- _About this exercise_
What should come back is the data below, word for word, minus any picture.

- _Supplied information_
********
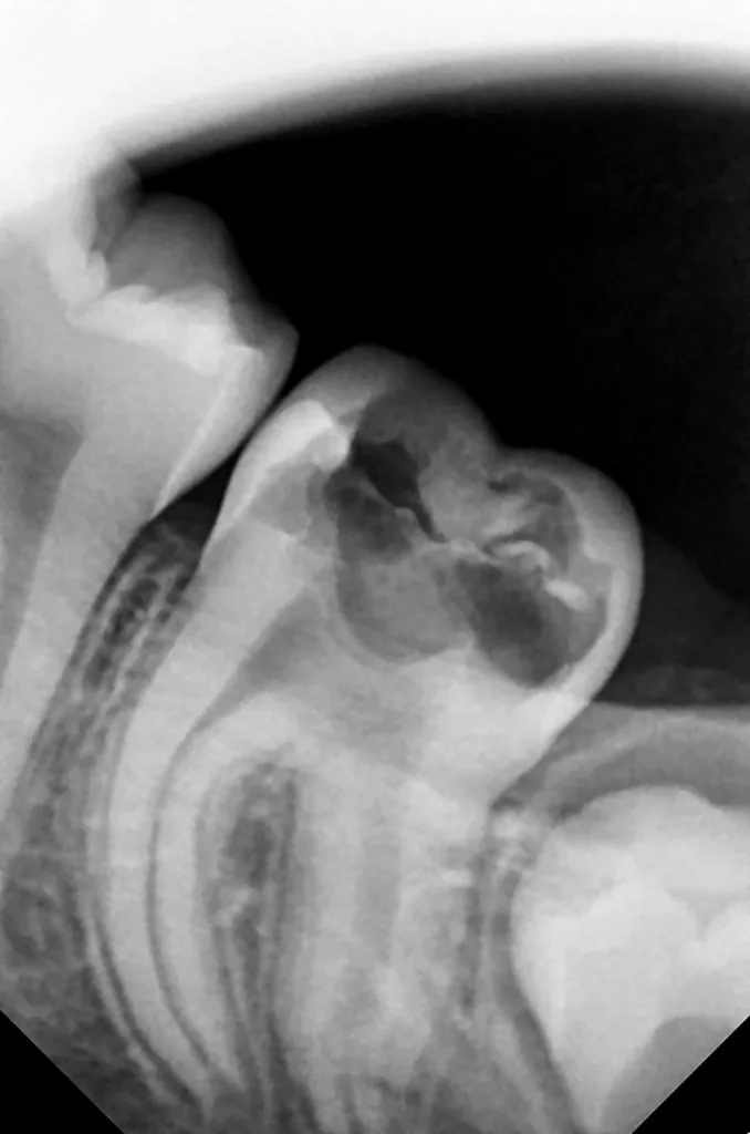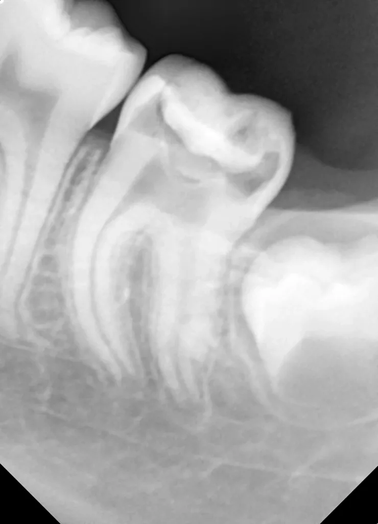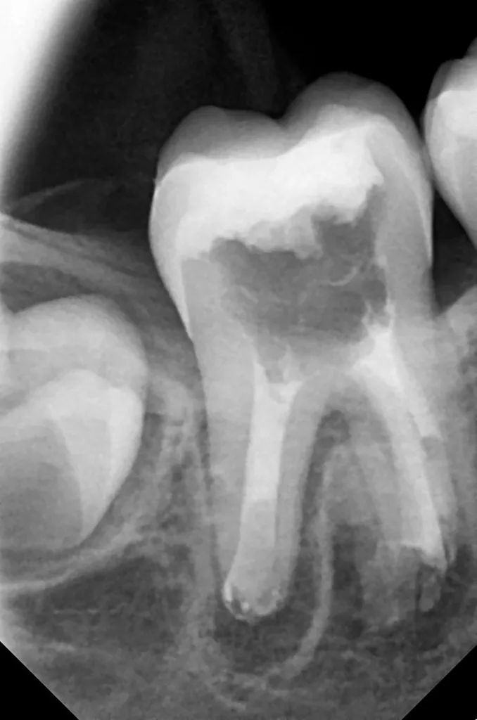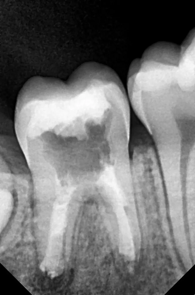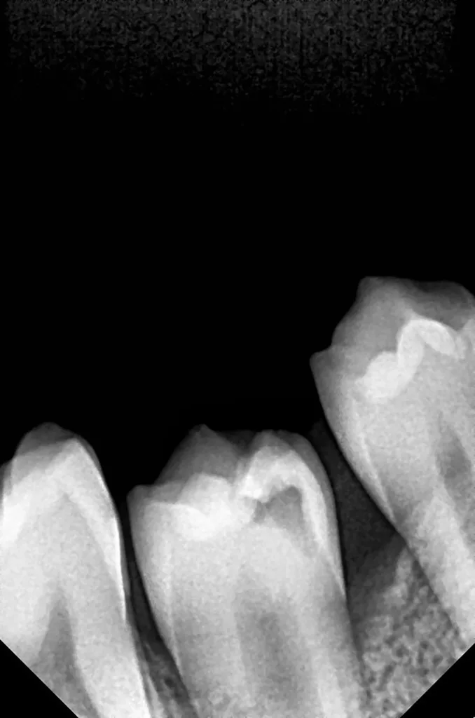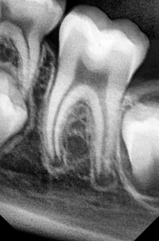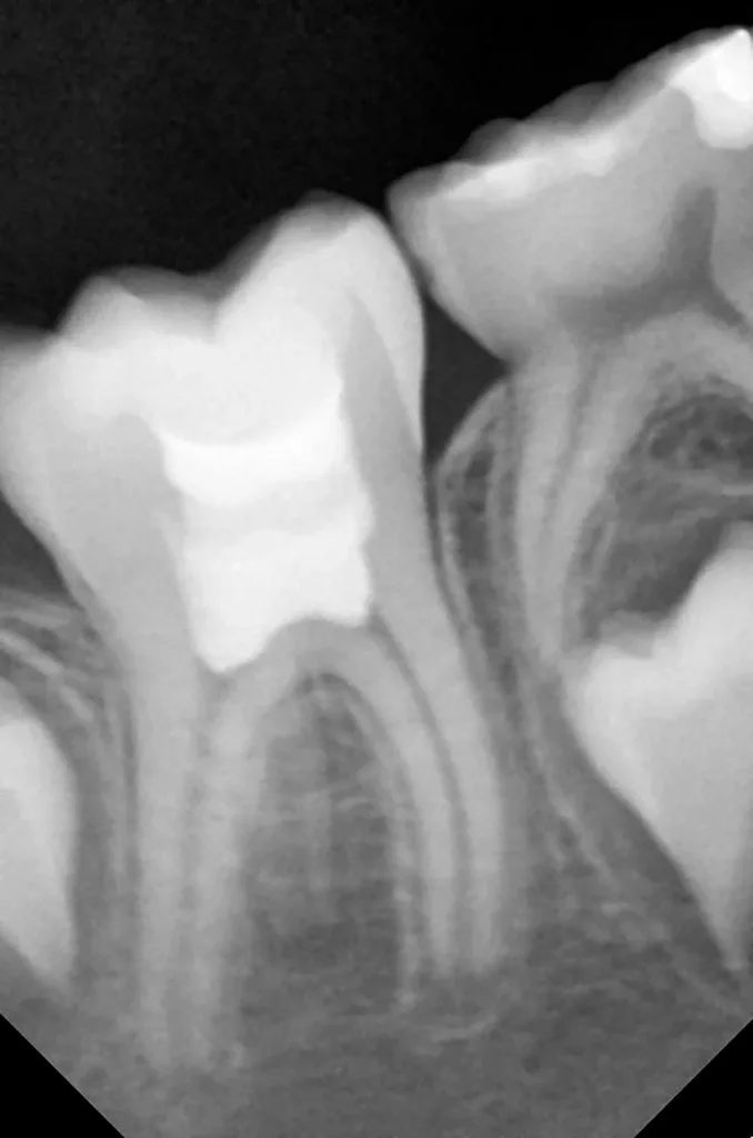 Das 13-jährige Mädchen wurde von unserer Kollegin mit der Bitte um die Behandlung des in der Durchbruchsphase befindlichen, symptomfreien Zahnes 37 an uns überwiesen. Es zeigte sich eine umfangreiche Resorption von Zahnschmelz und Dentin fast bis zum Pulpakavum (Grad 3 der Läsion nach Seow), die voll mit Weichgewebe gefüllt war (Abb. 29 und 30). Auf einer Panoramaschichtaufnahme, die vor zwei Jahren während der kieferorthopädischen Anfangsuntersuchung angefertigt wurde, wies der Zahn 37 keinerlei Anzeichen von PEIR auf (Abb. 31). Die Progredienz und der Umfang der Resorption in diesem Fall zeigen uns, wie aggressiv eine PEIR sein kann. Für die zuweisende Kollegin war es sehr schwierig, das resorbierende Weichgewebe zu entfernen, eine Diagnostik des Zustandes der Pulpa vorzunehmen und die Krone zu restaurieren. Deswegen kam die junge Patientin mit einer temporären Füllung aus Glasionomerzement zu uns (Abb. 32 und 33). Trotz der klinischen Symptomlosigkeit und fehlender radiologischer Befunde, die auf periapikale Veränderungen hinweisen, konnte aus der Ausdehnung der PEIR geschlussfolgert werden, dass die Pulpa bereits betroffen sein dürfte. Eine deutlich erschwerte Zugänglichkeit zum Zahn und die ausgeprägte Kurvatur der noch wachsenden Wurzeln ließen die übliche Wurzelkanalbehandlung problematisch erscheinen. Die verschiedenen Behandlungsmöglichkeiten von Vitalerhaltung der Zahnpulpa bis zur Extraktion wurden mit den Eltern des jungen Mädchens besprochen. Eine Extraktion des Zahnes hätte die Einordnung des Weisheitszahnes (entsprechend der kieferorthopädischen Konsultation) problemlos ermöglicht und somit auch die Kaufunktion vollumfänglich ohne eine verkürzte Zahnreihe sichergestellt. Trotzdem wollten die Eltern den Zahn 37 so lange wie möglich erhalten, auch um eine eventuelle Sedierung des Kindes während der Extraktion zu vermeiden.
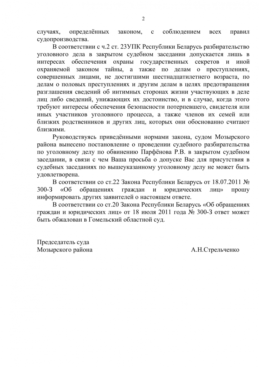 Просьба о допуске заявителей для присутствия в судебных заседаниях по уголовному делу по обвинению Парфёнова Р.В. не может быть удовлетворена.
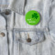 This button is perfect as an accessory for St. Patrick's day parties and activities! This white button features a dark green shamrock in the upper right corner of the button with a lighter green background. The bottom left of the button features your custom text in a cute flirty white cursive handwritten font.
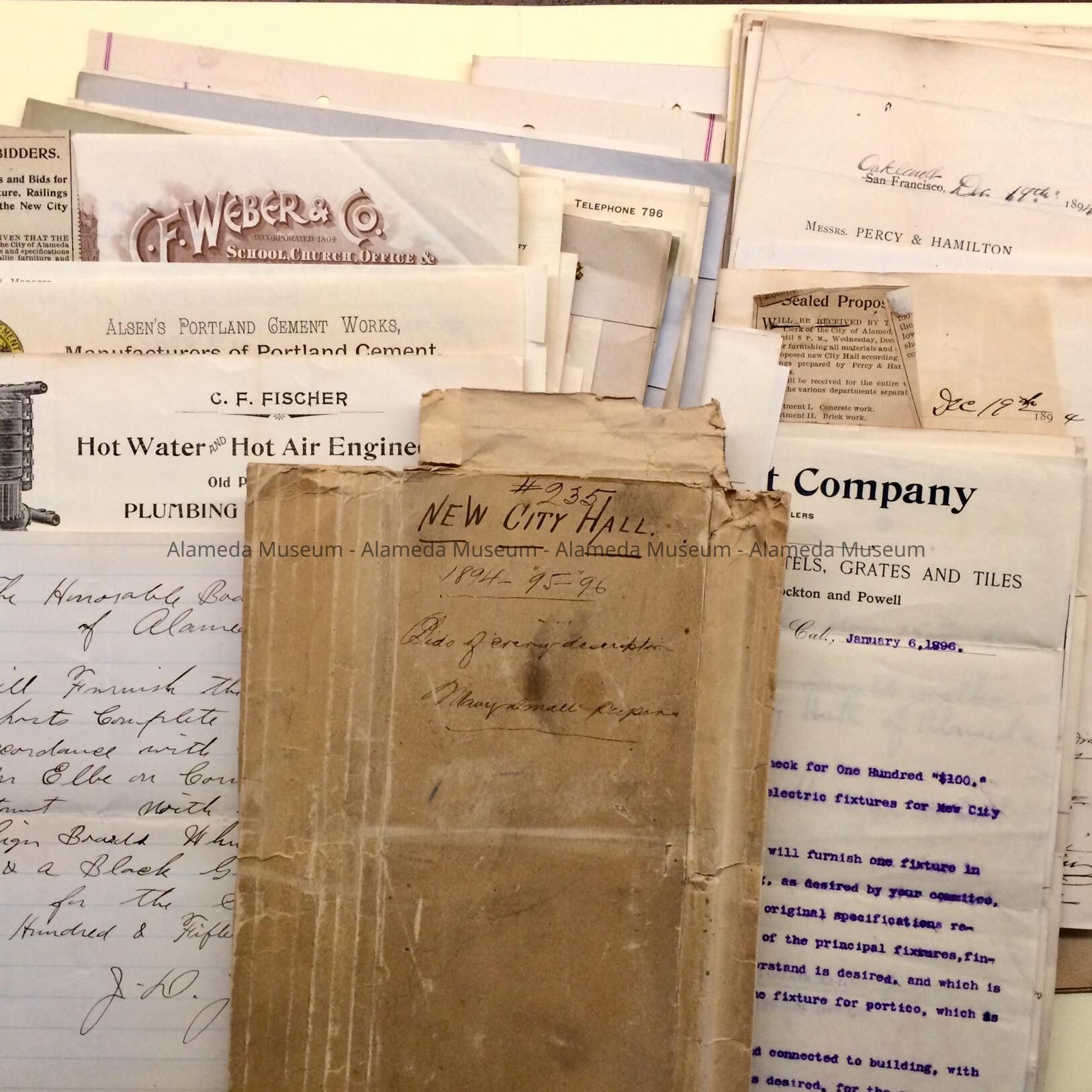 Documents found in the attic of City Hall. The documents in this folder pertain to the construction of City Hall, 1890-1896. Includes an original file folder cover stating ‘#235 New City Hall 1894-1896; Bids of every description; Many small papers”, which likely held a collection of bids to Messrs. Percy & Hamilton, architects, included in this folder. Bids for each phase are included from concrete pouring to plumbing which include a notice on newspaper; includes a 1890 proposal to install street lights, and a drawing for windows.
********
- _The completed task_
 Das 13-jährige Mädchen wurde von unserer Kollegin mit der Bitte um die Behandlung des in der Durchbruchsphase befindlichen, symptomfreien Zahnes 37 an uns überwiesen. Es zeigte sich eine umfangreiche Resorption von Zahnschmelz und Dentin fast bis zum Pulpakavum (Grad 3 der Läsion nach Seow), die voll mit Weichgewebe gefüllt war (Abb. 29 und 30). Auf einer Panoramaschichtaufnahme, die vor zwei Jahren während der kieferorthopädischen Anfangsuntersuchung angefertigt wurde, wies der Zahn 37 keinerlei Anzeichen von PEIR auf (Abb. 31). Die Progredienz und der Umfang der Resorption in diesem Fall zeigen uns, wie aggressiv eine PEIR sein kann. Für die zuweisende Kollegin war es sehr schwierig, das resorbierende Weichgewebe zu entfernen, eine Diagnostik des Zustandes der Pulpa vorzunehmen und die Krone zu restaurieren. Deswegen kam die junge Patientin mit einer temporären Füllung aus Glasionomerzement zu uns (Abb. 32 und 33). Trotz der klinischen Symptomlosigkeit und fehlender radiologischer Befunde, die auf periapikale Veränderungen hinweisen, konnte aus der Ausdehnung der PEIR geschlussfolgert werden, dass die Pulpa bereits betroffen sein dürfte. Eine deutlich erschwerte Zugänglichkeit zum Zahn und die ausgeprägte Kurvatur der noch wachsenden Wurzeln ließen die übliche Wurzelkanalbehandlung problematisch erscheinen. Die verschiedenen Behandlungsmöglichkeiten von Vitalerhaltung der Zahnpulpa bis zur Extraktion wurden mit den Eltern des jungen Mädchens besprochen. Eine Extraktion des Zahnes hätte die Einordnung des Weisheitszahnes (entsprechend der kieferorthopädischen Konsultation) problemlos ermöglicht und somit auch die Kaufunktion vollumfänglich ohne eine verkürzte Zahnreihe sichergestellt. Trotzdem wollten die Eltern den Zahn 37 so lange wie möglich erhalten, auch um eine eventuelle Sedierung des Kindes während der Extraktion zu vermeiden.
 Просьба о допуске заявителей для присутствия в судебных заседаниях по уголовному делу по обвинению Парфёнова Р.В. не может быть удовлетворена.
 This button is perfect as an accessory for St. Patrick's day parties and activities! This white button features a dark green shamrock in the upper right corner of the button with a lighter green background. The bottom left of the button features your custom text in a cute flirty white cursive handwritten font.
 Documents found in the attic of City Hall. The documents in this folder pertain to the construction of City Hall, 1890-1896. Includes an original file folder cover stating ‘#235 New City Hall 1894-1896; Bids of every description; Many small papers”, which likely held a collection of bids to Messrs. Percy & Hamilton, architects, included in this folder. Bids for each phase are included from concrete pouring to plumbing which include a notice on newspaper; includes a 1890 proposal to install street lights, and a drawing for windows.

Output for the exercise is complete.